KPMG tax teams got a narrower road map for corporate alternative minimum tax, but not final answers. Treasury and the Internal Revenue Service released Notice 2026-7 on February 18, 2026, giving interim CAMT guidance just as large-company tax departments were still trying to turn a moving statute into something they could model, provision, and explain to clients.

The notice matters because CAMT is already in force. It imposes a 15% minimum tax on adjusted financial statement income of certain large corporations for taxable years beginning after December 31, 2022, and the practical fight has shifted from whether the tax exists to how it works inside reporting systems, forecasting models, and compliance calendars. KPMG’s February 20 analysis said the new notice was designed to address gaps between financial accounting treatment and tax treatment that could otherwise create unintended CAMT liabilities.

AI-generated illustration
AI-generated illustration

For KPMG practitioners, that means every shortcut in the notice has to be translated into day-to-day client work. The guidance gives interim relief on adjustments for repairs, section 197 intangibles, domestic research amortization, qualified production costs, low-acquisition-cost tangible property, financially troubled companies, covered asset transactions, and certain section 367(d) intangible property transactions. Those are not abstract technical fixes. They are the kinds of items that can change a provision calculation, alter a forecast, or force a partner to send a new explanation to a finance chief who thought the prior model was settled.

The timing also underscores how unsettled the regime remains. Treasury issued proposed CAMT regulations on September 13, 2024, and the proposal drew 61 public comments before a public hearing scheduled for January 16, 2025. Treasury now says it intends to use Notice 2026-7 and the 2025 interim notices to re-propose the entire CAMT framework so final rules are workable and predictable. The IRS said the notice will be published in Internal Revenue Bulletin 2026-11, dated March 9, 2026.

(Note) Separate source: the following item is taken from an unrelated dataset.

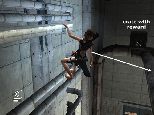 Then jump back onto the pipes behind Lara. Shoot the small crate. . .

That leaves tax professionals in a familiar Big 4 bind: clients want certainty before close, before filing, and before the next round of review meetings, while the rules are still being rewritten in pieces. KPMG and other advisers have said taxpayers generally may rely on the notice for years beginning before the forthcoming proposed regulations are published, subject to consistency requirements. For firms like KPMG, the work now is not just technical interpretation. It is continuous recalculation, re-explanation, and escalation across federal tax, financial reporting, and client-facing teams while CAMT keeps evolving underneath them.